▸ **Data for the task**:
-*-
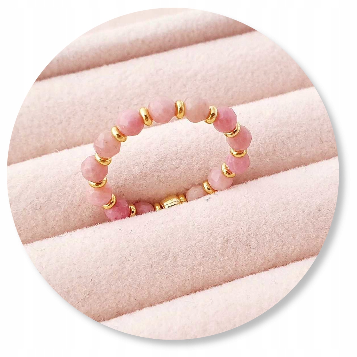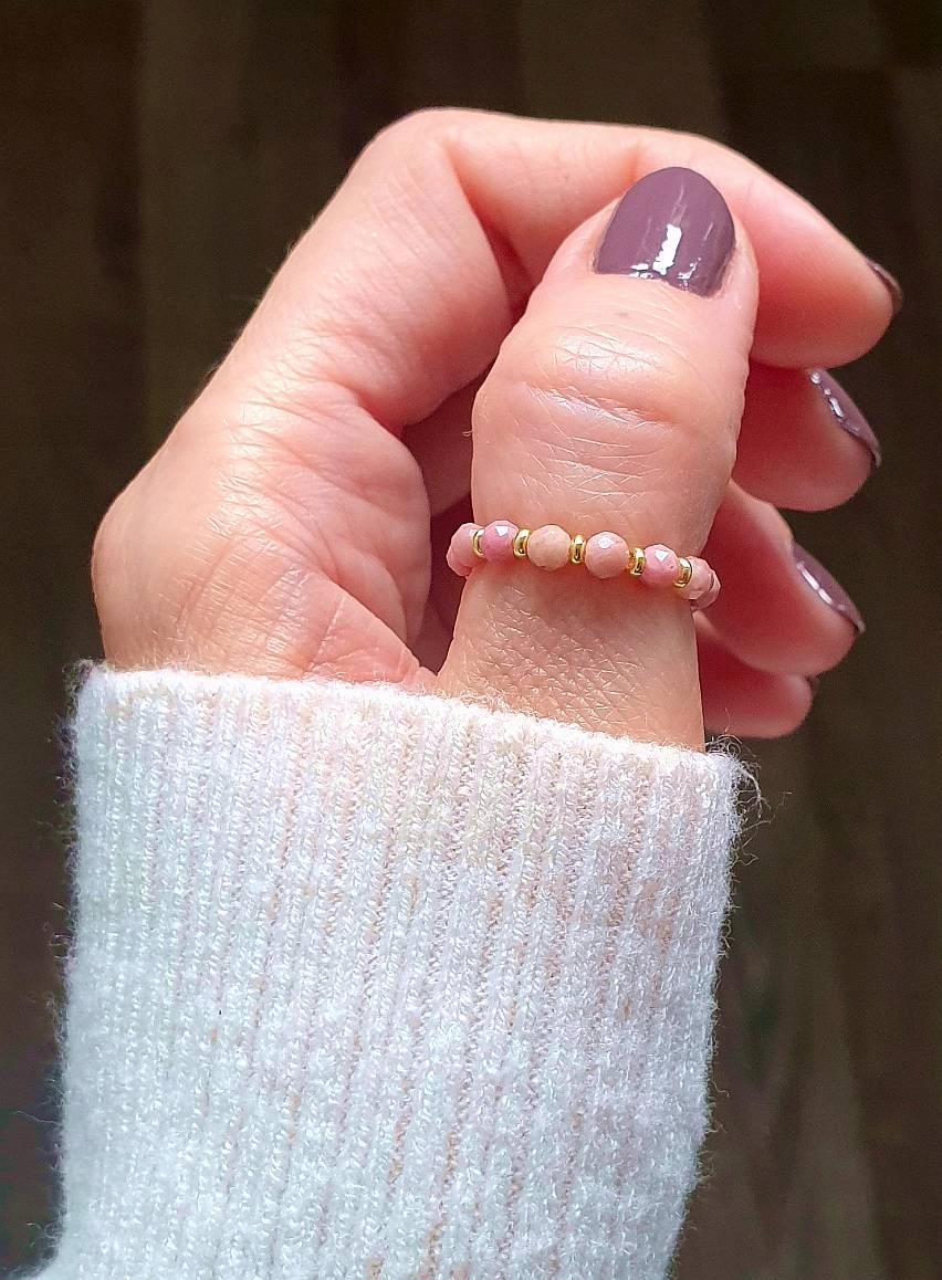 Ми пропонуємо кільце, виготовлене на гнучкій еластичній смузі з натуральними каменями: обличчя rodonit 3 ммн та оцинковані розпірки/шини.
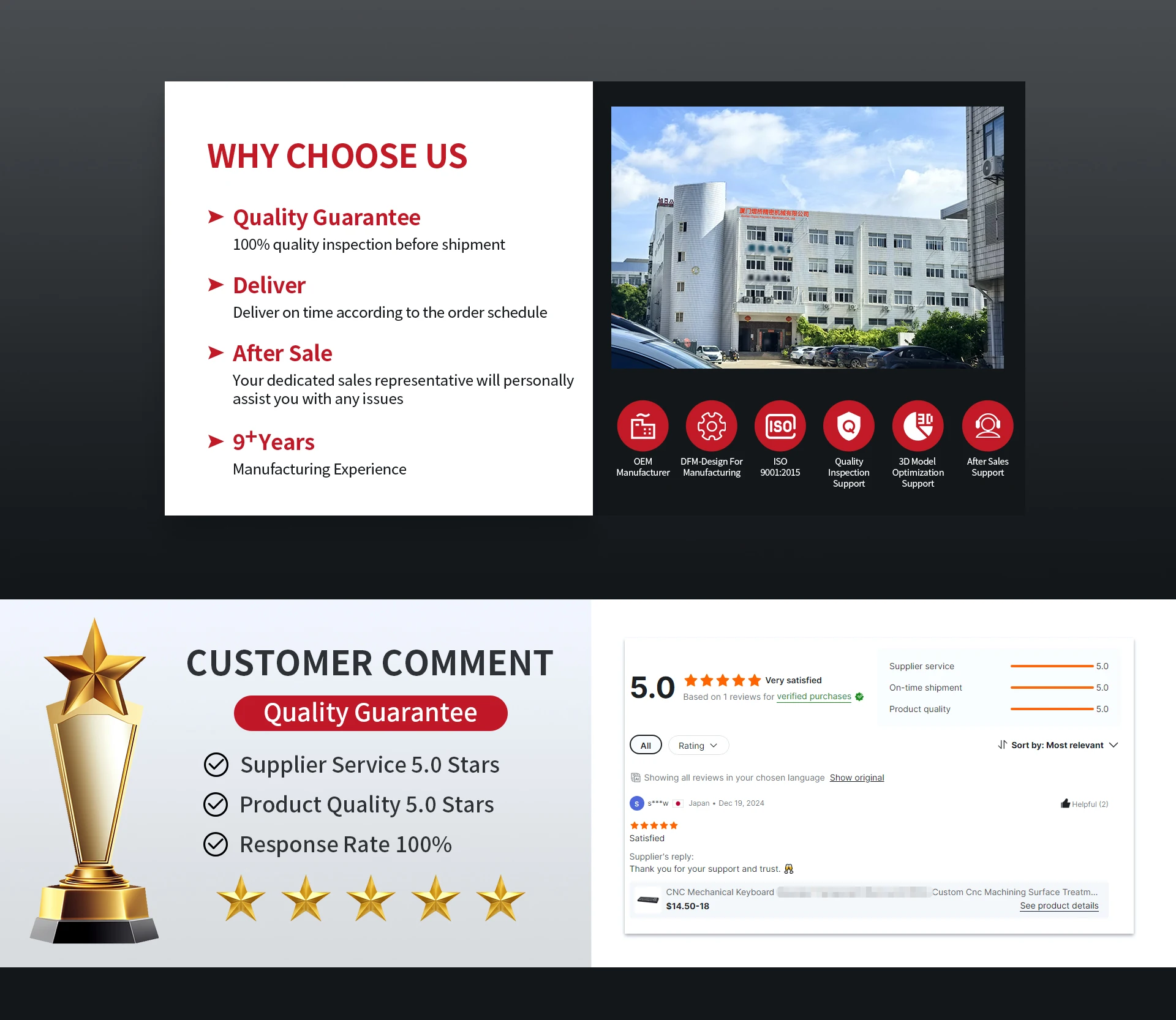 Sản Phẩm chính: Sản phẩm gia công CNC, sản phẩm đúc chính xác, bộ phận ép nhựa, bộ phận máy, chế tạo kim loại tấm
-*-
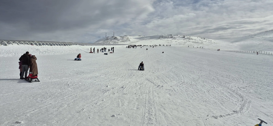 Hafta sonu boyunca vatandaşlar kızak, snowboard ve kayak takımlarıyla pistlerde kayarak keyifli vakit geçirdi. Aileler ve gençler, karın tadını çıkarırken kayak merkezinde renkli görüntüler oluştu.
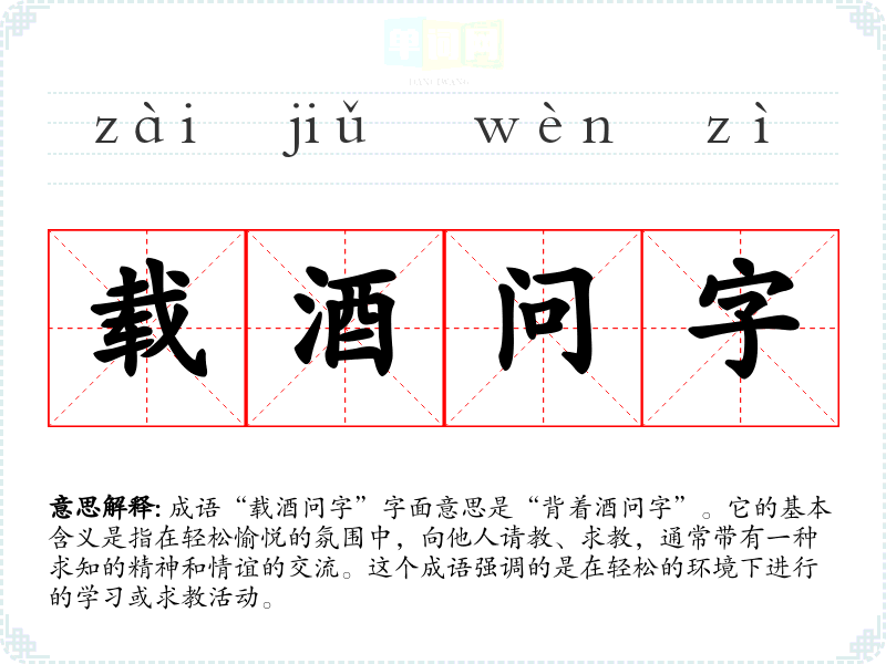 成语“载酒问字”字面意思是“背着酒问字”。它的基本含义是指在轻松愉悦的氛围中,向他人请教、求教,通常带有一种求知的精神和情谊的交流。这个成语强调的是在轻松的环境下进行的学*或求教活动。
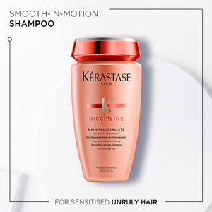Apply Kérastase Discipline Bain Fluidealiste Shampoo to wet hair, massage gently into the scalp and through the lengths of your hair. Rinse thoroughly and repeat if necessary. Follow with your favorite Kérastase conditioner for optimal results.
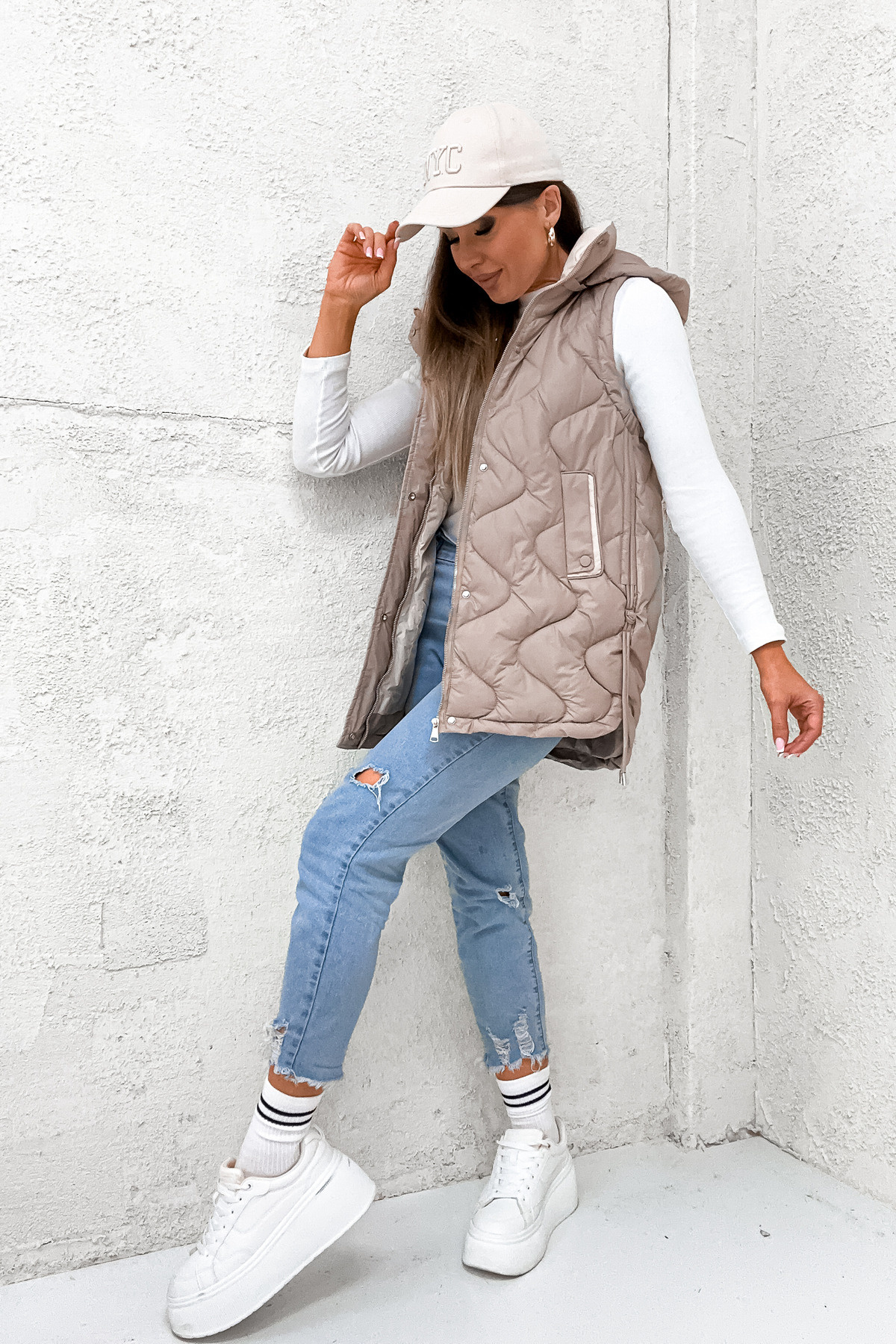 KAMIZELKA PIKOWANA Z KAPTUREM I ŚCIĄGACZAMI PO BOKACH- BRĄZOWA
-*-
Copy out exactly the lines above beginning with the line that contains "Ми пропонуємо кільце, виготовлене" and finishing with the line that contains "Sản Phẩm chính: Sản", including both; leave the pictures out.

 Ми пропонуємо кільце, виготовлене на гнучкій еластичній смузі з натуральними каменями: обличчя rodonit 3 ммн та оцинковані розпірки/шини.
 Sản Phẩm chính: Sản phẩm gia công CNC, sản phẩm đúc chính xác, bộ phận ép nhựa, bộ phận máy, chế tạo kim loại tấm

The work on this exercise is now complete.